# Problems reinstalling iTunes



## jonesrl (Nov 3, 2009)

I am trying to reinstall iTunes on my computer (I have Vista) and I'm getting an error message that says:

Error writing to file: C:\ProgramData\{755AC846-7372-4AC8-8550-C52491DAA8BD}\x86\GEARAspiWDM.inf. Verify that you have access to that directory.

It has two options: Retry or Cancel. If I hit retry, the same box returns. If I hit cancel, it says: Are you sure you want to cancel? And then has a yes and no option. If I select no, it sends me back to the Error writing to file message. If I select yes, it takes me back to the iTunes installation box which says Status: Rolling back action. 

After it finishes undoing whatever it managed to install before the error, I get the message: 

The installer encountered errors before iTunes could be configured. Your system has not been modified. To retry these operations at a later time, please run the installer again.

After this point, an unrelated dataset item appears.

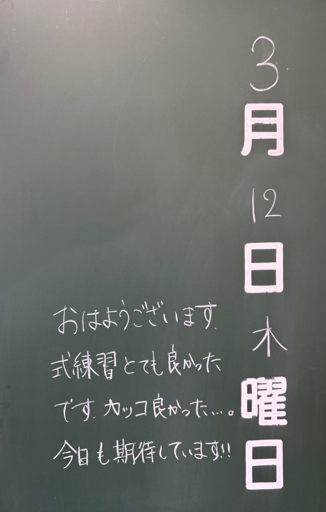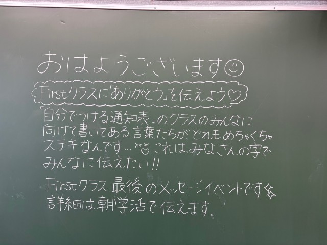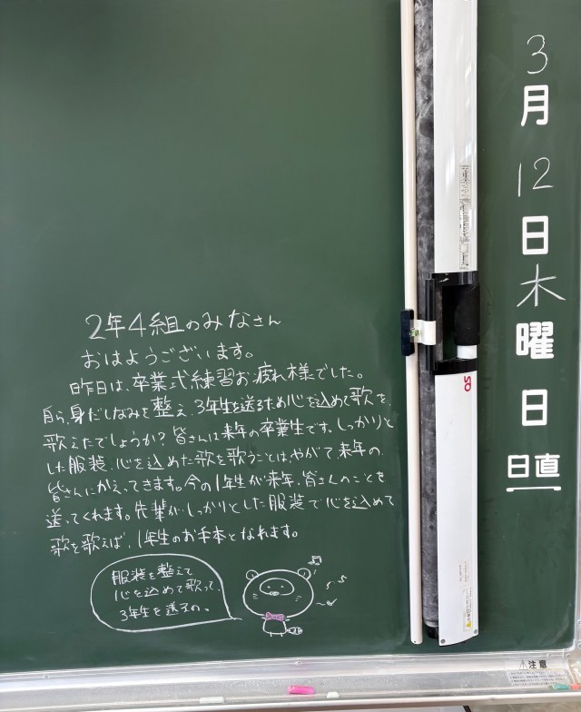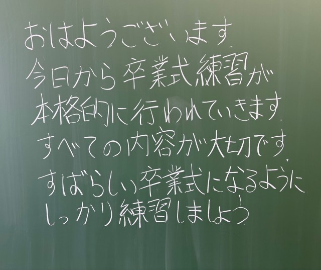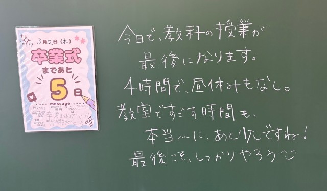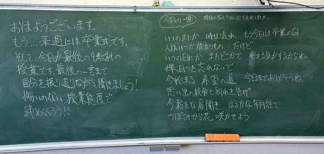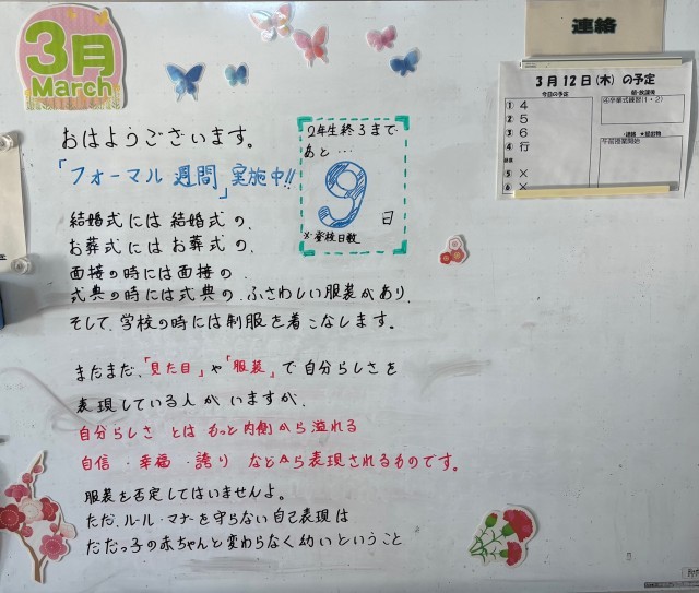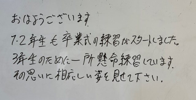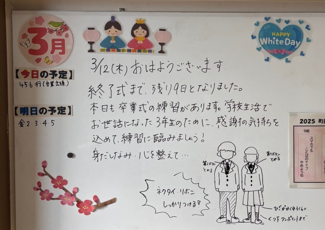 3月12日(木)の朝に校舎内を巡回していたら、学年主任や学級担任の先生からのメッセージが書いてありました。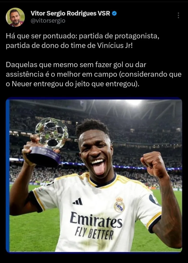 Vinícius fez a defesa do adversária ter pesadelos com a atuação apresentada nesta quarta. Apesar de não ter marcado gols neste jogo, o camisa sete foi eleito o melhor jogador da partida pela UEFA.

Can somebody please help????? I have no clue what the problem is, and the apple website is useless....


----------



## Nebastion (Apr 24, 2009)

Hi and welcome to TSG

Right click on the install file, and "run as administrator"


----------



## jonesrl (Nov 3, 2009)

It wouldn't let me run it at all without right clicking & running as administrator. When I did run it as administrator, it gave me the error message above.


----------



## Nebastion (Apr 24, 2009)

1. Search for a folder called "x86" (without quotation marks). It's a hidden folder. located in C:\Program Data{some registry key}. It'll have have GEAR files in it.

2. Copy those gear files to your desktop.

3. Right click the file called "GEARAspiWDM.inf" and click install.

4. Reboot.

Try that, no guarantee.

neb


----------



## brandonbr (May 29, 2007)

Maybe you should download iTunes again from the apple site. Maybe the last download failed?


----------



## parasolution (Sep 23, 2006)

download microsoft's uninstaller cleanup utility. just google it and it will point to the location at the microsoft site.

Install the program and then run it. Once you run it, it will list some programs installed on your pc. See if iTunes is listed. If it is, click on iTunes and run the program to uninstall. This will get rid of iTunes and any residual files. 

To be safe, restart your PC and try installing iTunes again.


----------